> [The task] Look for the line with "Details About Designer" in the entries below, then extract that line and all lines after it exactly, with pictures left out.

[Collection entries]

▬▬▬

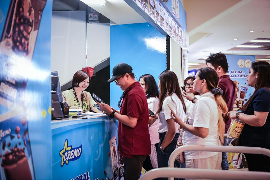 8月的吉达,室外气温直逼40℃。为全面服务现场观众,赛事期间Joyday和Cremo在场馆环廊搭建4个全天候冰淇淋供给站,为超过5万名观众提供多样化选择。小组赛中场休息期间,场馆内多次响起广播,“球迷们请注意,FIBA全球冰淇淋合作伙伴Joyday和Cremo在商店派送免费产品,先到先得!”支棒、脆筒、杯装、三明治等丰富的产品种类吸引了沙特、菲律宾、约旦、黎巴嫩等多国消费者品尝和购买。高品质原料和创新口味赢得现场观众的点赞。
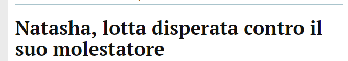 Questa volta il pessimo esempio di giornalismo ci viene offerto sul web, da il Mattino di Padova online, diretto da Paolo Possamai che ha pubblicato l’articolo Natasha, lotta disperata contro il suo molestatore, firmato da Carlo Bellotto (con la collaborazione di Giusy Andreoli). Siamo davanti all’ennesima operazione di normalizzazione ed estetizzazione della violenza maschile contro le donne, molto efficace nel nascondere ciò che alimenta il femminicidio: il bisogno di potere e di controllo sulle donne, i loro corpi e la loro sessualità. La donna assassinata, si chiamava Natasha Bettiolo, aveva 46 anni, era madre di due figli avuti in giovanissima età e lavorava come cuoca alle mensa di una scuola elementare. L’assassino Luigi Sibilio, è ricoverato al policlinico di Padova, dopo aver assassinato Natasha appena uscita dal lavoro, ha tentato il suicidio. Nonostante da anni si parli di femminicidio e ci siano analisi approfondite del fenomeno, il Mattino di Padova narra i fatti con disarmante superficialità anche se è in buona compagnia: altri quotidiani di Padova sciorinano le parole raptus, delitto passionale e titolano che l’assassino aveva “perso la testa”.
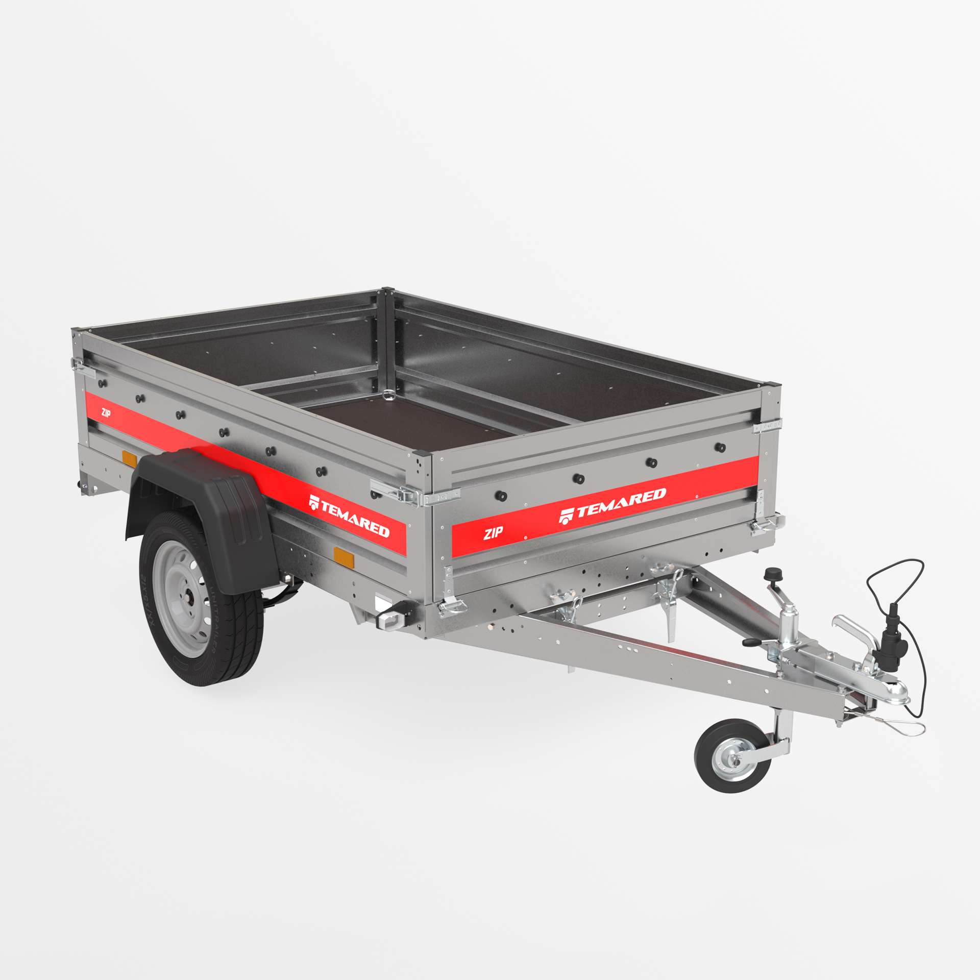Transportanhänger, der für den sicheren Transport verschiedener Lasten konzipiert wurde. Mit einer 40 cm hohen Bordwand sowie klappbaren vorderen und hinteren Bordwänden wird das Be- und Entladen schnell und bequem. Die geschweißte Konstruktion sorgt für hohe Haltbarkeit, während die kippbare Deichsel den Nutzungskomfort verbessert. Anschläge am hinteren Rahmen ermöglichen eine stabile Positionierung des Anhängers auf der hinteren Bordwand, sodass er beim Lagern nur wenig Platz benötigt.
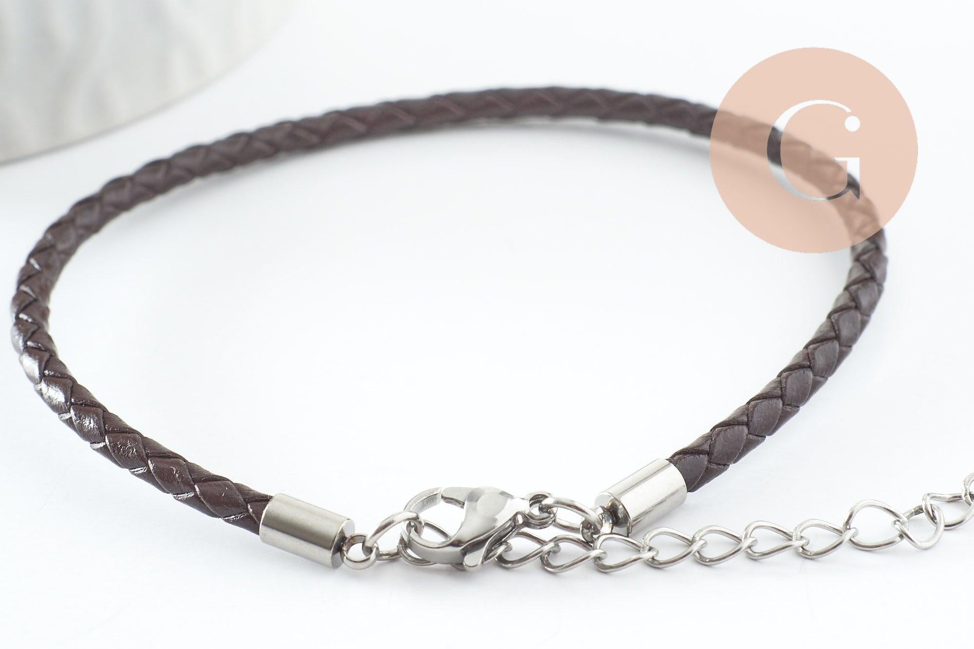 Bracelet réglable cuir cacao acier platine 304 inoxydable 3mm-21.5cm, bracelet unisexe acier inoxydable, x 1 (G9574)
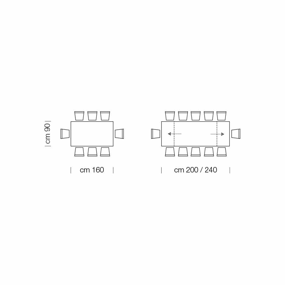 Åtgärder- L 160 (240) x D 90 x H 77 cm (8/12 platser);
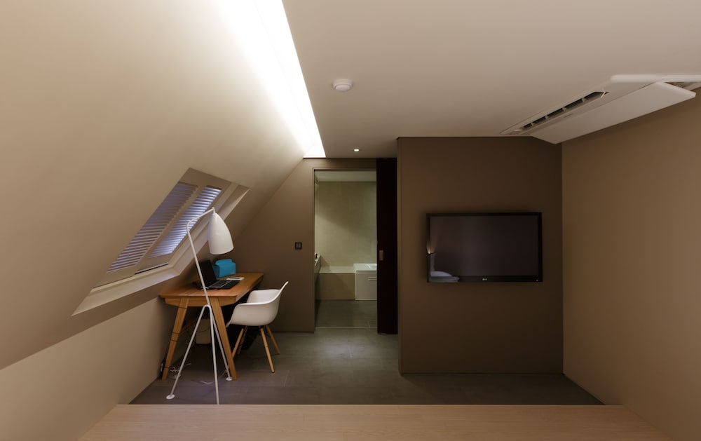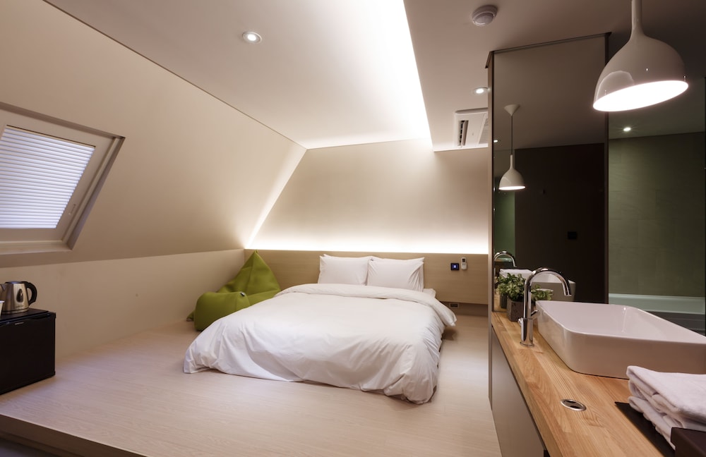 This hotel room has all the things you can find in a four stars hotel. The warm toilet seat cover set at perfect temperature. Great quality of toiletries. Very very clean room. Our laundry & other requests were attended to by hotel staff promptly. The music & fragrance blanketed the very subdued tiny lobby, sitting area are dressed with latest fashion magazines. Free wifi and usage of room laptop. Refrigerator pack with free bottles of water and soft drink. Subway within 5 minutes walk. Plenty of food around the hotel and there is a HomePlus Express nearby too. Very easy commute to & from airport, bus stop for Airport Limousine (Coach) just around the corners of the hotel, both within 1- 2 minutes walk. (Different pickup and drop off point - Nambu Bus Terminal). We had the twin room, spacious with attic feel, appreciate the designer sensible touch & adequate lighting. This stay was perfect for me and my son.
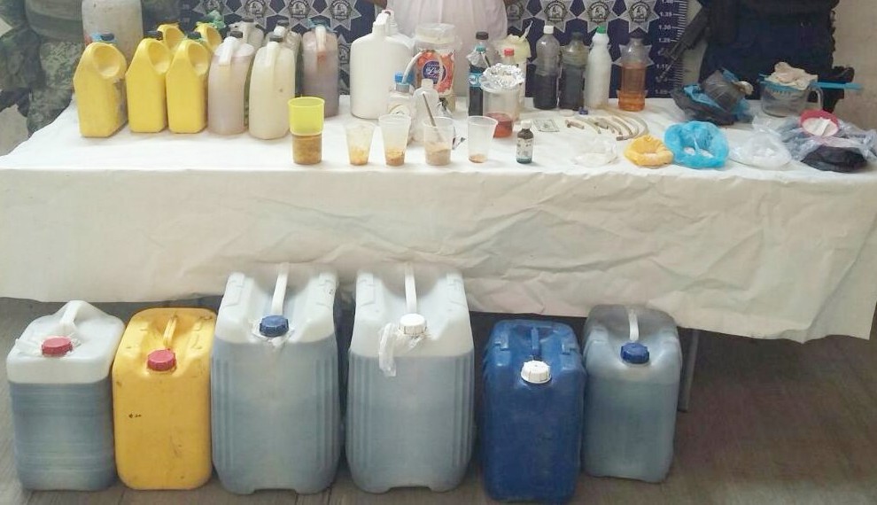 Buenavista Tomatlán, Michoacán., miércoles 26 de octubre de 2016.- Elementos de la Secretaría de Seguridad Pública (SSP) en coordinación con efectivos de la Secretaría de la Defensa Nacional (Sedena) aseguraron un laboratorio clandestino para elaboración de droga sintética en la localidad de La Ruana del municipio de Buenavista Tomatlán.
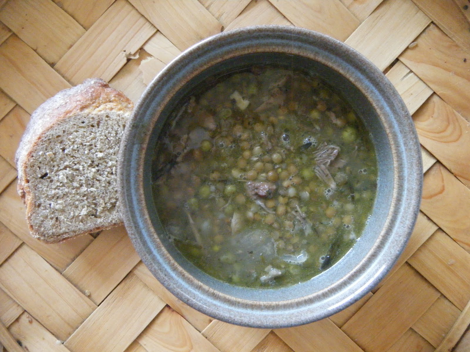 I covered the carcass, leftover potatoes, rosemary, onions, peas and mint sauce with cold water and brought it to the boil. I let this simmer for a couple of hours and then left to cool. While it was simmering, I soaked some green lentils. When it was back to room temperature, I took the carcass out and pulled all the meaty bits off, putting them back in the pan, and discarding the bones. I added the lentils and cooked the soup once again, until they softened, seasoned it, and ate it for supper with some fresh crusty bread
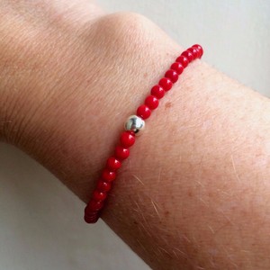 Details About Designer Red Coral Stretch Bracelet Sterling Silver Small Chakra Bead Jewelry
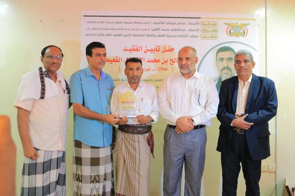 نظمت إدارة الثقافة بمديرية القطن بحضرموت ، اليوم، فعالية تأبينية لمديرها السابق الشاعر والباحث نائف صالح الحدادي القعيطي ، بإشراف السلطة المحلية بالمديرية ومكتب وزارة الثقافة بوادي حضرموت والصحراء.
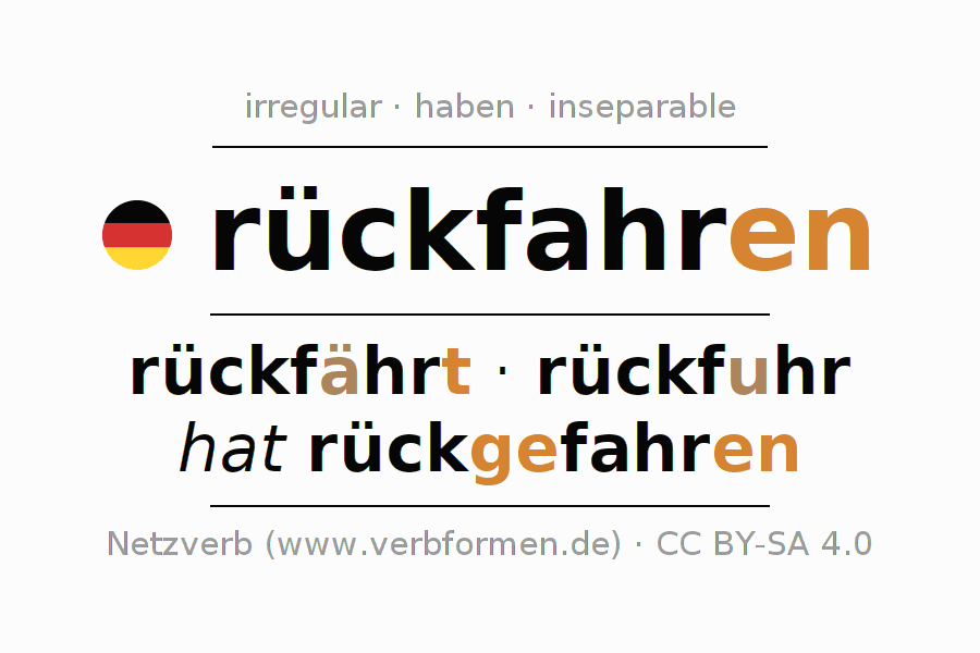 - Future: ich werde rückfahren, du wirst rückfahren, er wird rückfahren, wir werden rückfahren, ihr werdet rückfahren, sie werden rückfahren
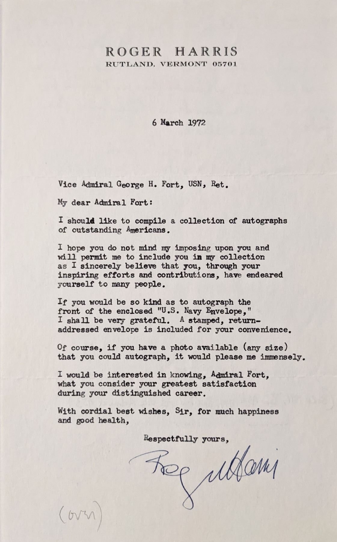 WW2 military Roger Harris signed letter. 7 x 11 inches.
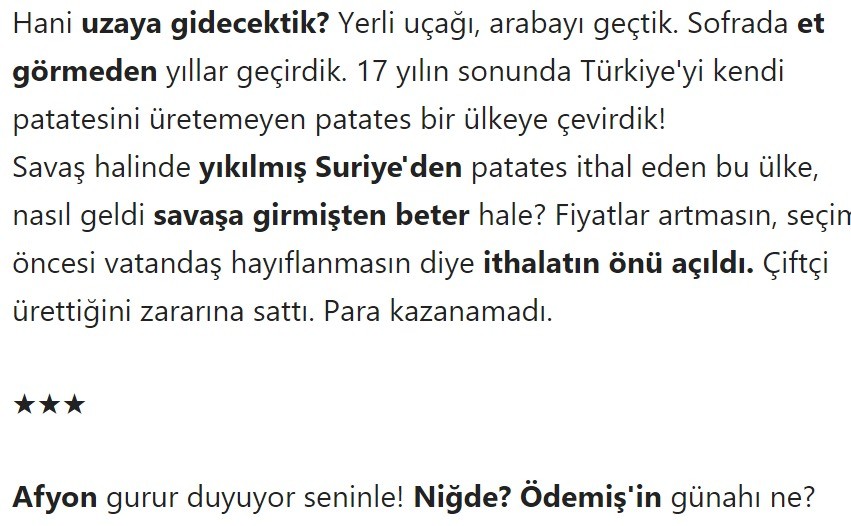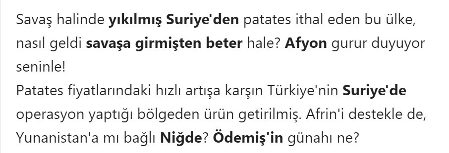 "Savaş halinde yıkılmış Suriye'den patates ithal eden bu ülke, nasıl geldi savaşa girmişten beter hale? Afyon gurur duyuyor seninle!

▬▬▬

> [Task result]
 Details About Designer Red Coral Stretch Bracelet Sterling Silver Small Chakra Bead Jewelry
 نظمت إدارة الثقافة بمديرية القطن بحضرموت ، اليوم، فعالية تأبينية لمديرها السابق الشاعر والباحث نائف صالح الحدادي القعيطي ، بإشراف السلطة المحلية بالمديرية ومكتب وزارة الثقافة بوادي حضرموت والصحراء.
 - Future: ich werde rückfahren, du wirst rückfahren, er wird rückfahren, wir werden rückfahren, ihr werdet rückfahren, sie werden rückfahren
 WW2 military Roger Harris signed letter. 7 x 11 inches.
 "Savaş halinde yıkılmış Suriye'den patates ithal eden bu ülke, nasıl geldi savaşa girmişten beter hale? Afyon gurur duyuyor seninle!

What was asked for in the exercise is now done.